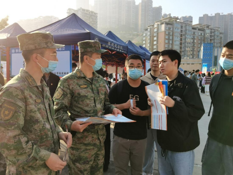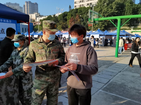 11月10日,在学校篮球场举行2022年秋季毕业生双选会,东区武装部副部长高翔、攀枝花市军分区段参谋和5名现役军人,学校武装部、退伍大学生宣讲团代表们利用双选会设置了征兵工作咨询点,为2023届毕业生发放征兵宣传资料,宣讲征兵政策。2023年春季应征入伍工作正式拉开帷幕。
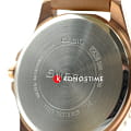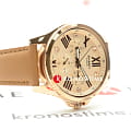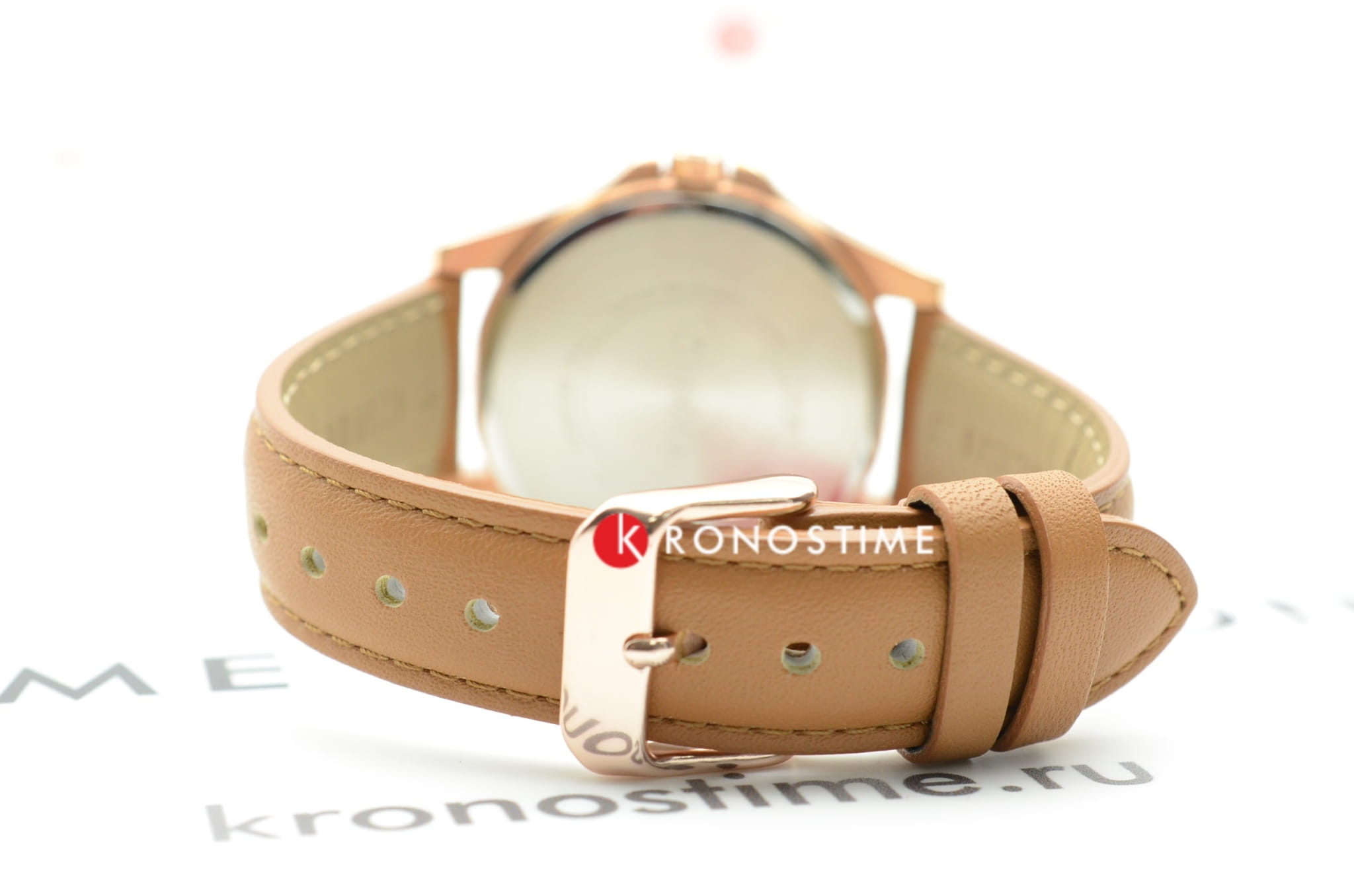 Брендовый аксессуар с отдельными мини-счётчиками выполнен в классическом стиле, крупные римские цифры создают винтажное настроение. Лаконичный циферблат декорирован стразами Swarovski, придающие вашему образу элемент роскоши. Высокоточный кварцевый механизм работает от батарейки, устраняя необходимость завода. Аккумулятор рассчитан на 3 года безупречной работы. Стильно смотрится коричневый ремешок из натуральной кожи. Люминесцентное покрытиеЛюминесцентное покрытиеПозволяет считывать показания времени в темноте. Производители наносят на стрелки, часовые индексы, безель или поверхность циферблата светонакопительный состав, дающий холодное свечение. стрелок. IP-покрытиеIP-покрытиеМетод ионного напыления. Демонстрирует повышенную устойчивость к истиранию, окислению и химическим веществам. Под воздействием высокого давления и температуры около 1500°C молекулы металла надёжно соединяются с частицами корпуса часов. корпуса с розоватым отливом. Минеральное стекло. Функция календаря. Габариты: 39,3 x 44,5 x 8,6 мм.
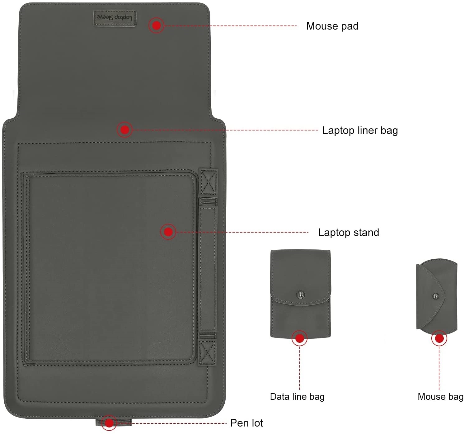 - 4 piece set: macbook sleeve, oplader tasje, muis tasje en kabel flapje
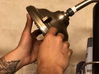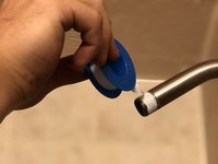Using your fingertips press a new 1" black rubber washer into the head attachment. The new washer will allow water to flow correctly with more pressure.
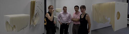 все же продолжается. В пятницу 7 июля открылись две выставки. Молодая берлинская галерея "С. Wichtendahl. galerie (www.wichtendahl.de) представила выставку бумажных объектов немецкой художницы Angela Glajcar. Белая бумага ручной отливки оборванными кусками складывалась в интересные бумажные конструкции, cкульптуры прямоугольных объемов заполнили галерею причудливыми био формами. В прошлом году в стенах этой галереи была выставка черно-белых скульптур из бумаги этой же художницы. Обе выставки дают представление о творчестве интересного молодого автора. ![]() На фотографии объекты из бумаги, госпожа С. Wichtendahl (справа) и художница Angela Glajcar (слева) празднуют успех новой выставки. Пафосная галерея "Thomas Schulte (www.galeriethomasschulte.de) открыла выставку в своем новом помещении. Галерея перебралась из западной части Берлина в более демократичную восточную. Помещение, правда, осталось такое же роскошное как прошлое. Thomas Schulte занимается международным актуальным искусством. Это видеоарт, инсталляции, цифровая фотография. Экспозиция под названием "MAVING ON:MOTION" представила работы художников работающих с этой галереей. ![]() На фотографии галерея "Thomas Schulte и фотографии работ с выставки. <<Michail Molochnikov из Берлина> |
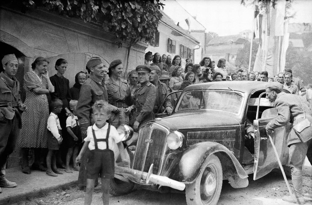 Prihod ameriške in sovjetske vojaške misije na proslavo ob prazniku slovenskih in hrvaških partizanskih enot, Metlika 9. julija 1944.
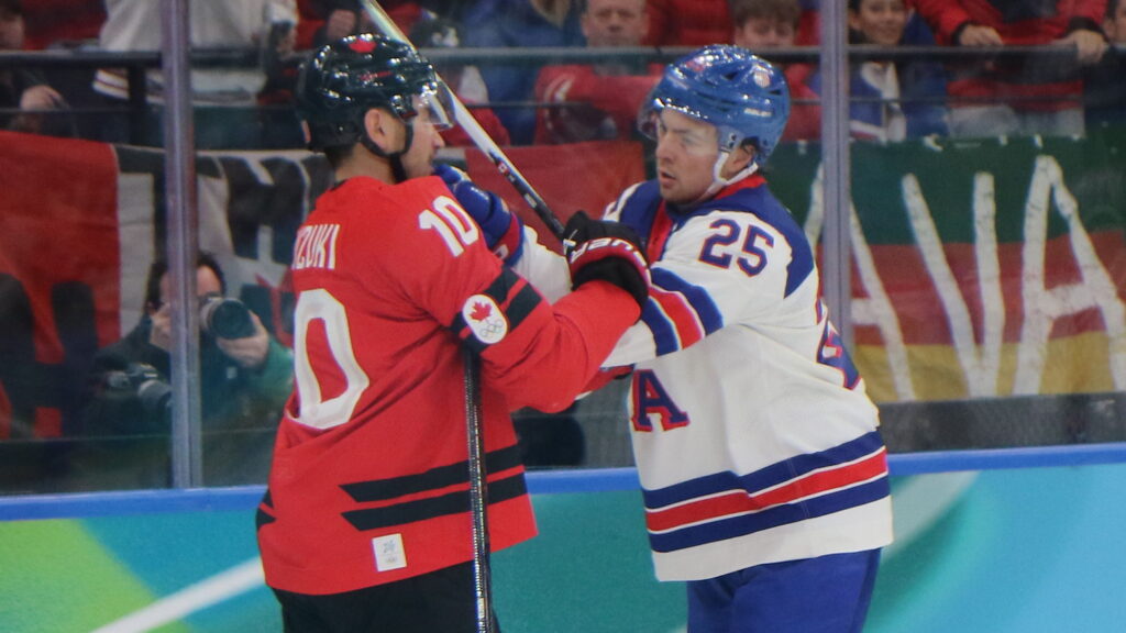 Nick Suzuki #10, Charlie McAvoy #25, Olympic Games 2026 Mens Gold Medal Game CAN – USA, Milano Santa Giulia Arena, © Puckfans.at / Andreas Robanser

--*--

TASK INSTRUCTIONS: Copy the data verbatim, skipping any image it holds.

ANSWER FOR THE TASK:
 11月10日,在学校篮球场举行2022年秋季毕业生双选会,东区武装部副部长高翔、攀枝花市军分区段参谋和5名现役军人,学校武装部、退伍大学生宣讲团代表们利用双选会设置了征兵工作咨询点,为2023届毕业生发放征兵宣传资料,宣讲征兵政策。2023年春季应征入伍工作正式拉开帷幕。
 Брендовый аксессуар с отдельными мини-счётчиками выполнен в классическом стиле, крупные римские цифры создают винтажное настроение. Лаконичный циферблат декорирован стразами Swarovski, придающие вашему образу элемент роскоши. Высокоточный кварцевый механизм работает от батарейки, устраняя необходимость завода. Аккумулятор рассчитан на 3 года безупречной работы. Стильно смотрится коричневый ремешок из натуральной кожи. Люминесцентное покрытиеЛюминесцентное покрытиеПозволяет считывать показания времени в темноте. Производители наносят на стрелки, часовые индексы, безель или поверхность циферблата светонакопительный состав, дающий холодное свечение. стрелок. IP-покрытиеIP-покрытиеМетод ионного напыления. Демонстрирует повышенную устойчивость к истиранию, окислению и химическим веществам. Под воздействием высокого давления и температуры около 1500°C молекулы металла надёжно соединяются с частицами корпуса часов. корпуса с розоватым отливом. Минеральное стекло. Функция календаря. Габариты: 39,3 x 44,5 x 8,6 мм.
 - 4 piece set: macbook sleeve, oplader tasje, muis tasje en kabel flapje
Using your fingertips press a new 1" black rubber washer into the head attachment. The new washer will allow water to flow correctly with more pressure.
 все же продолжается. В пятницу 7 июля открылись две выставки. Молодая берлинская галерея "С. Wichtendahl. galerie (www.wichtendahl.de) представила выставку бумажных объектов немецкой художницы Angela Glajcar. Белая бумага ручной отливки оборванными кусками складывалась в интересные бумажные конструкции, cкульптуры прямоугольных объемов заполнили галерею причудливыми био формами. В прошлом году в стенах этой галереи была выставка черно-белых скульптур из бумаги этой же художницы. Обе выставки дают представление о творчестве интересного молодого автора. ![]() На фотографии объекты из бумаги, госпожа С. Wichtendahl (справа) и художница Angela Glajcar (слева) празднуют успех новой выставки. Пафосная галерея "Thomas Schulte (www.galeriethomasschulte.de) открыла выставку в своем новом помещении. Галерея перебралась из западной части Берлина в более демократичную восточную. Помещение, правда, осталось такое же роскошное как прошлое. Thomas Schulte занимается международным актуальным искусством. Это видеоарт, инсталляции, цифровая фотография. Экспозиция под названием "MAVING ON:MOTION" представила работы художников работающих с этой галереей. ![]() На фотографии галерея "Thomas Schulte и фотографии работ с выставки. <<Michail Molochnikov из Берлина> |
 Prihod ameriške in sovjetske vojaške misije na proslavo ob prazniku slovenskih in hrvaških partizanskih enot, Metlika 9. julija 1944.
 Nick Suzuki #10, Charlie McAvoy #25, Olympic Games 2026 Mens Gold Medal Game CAN – USA, Milano Santa Giulia Arena, © Puckfans.at / Andreas Robanser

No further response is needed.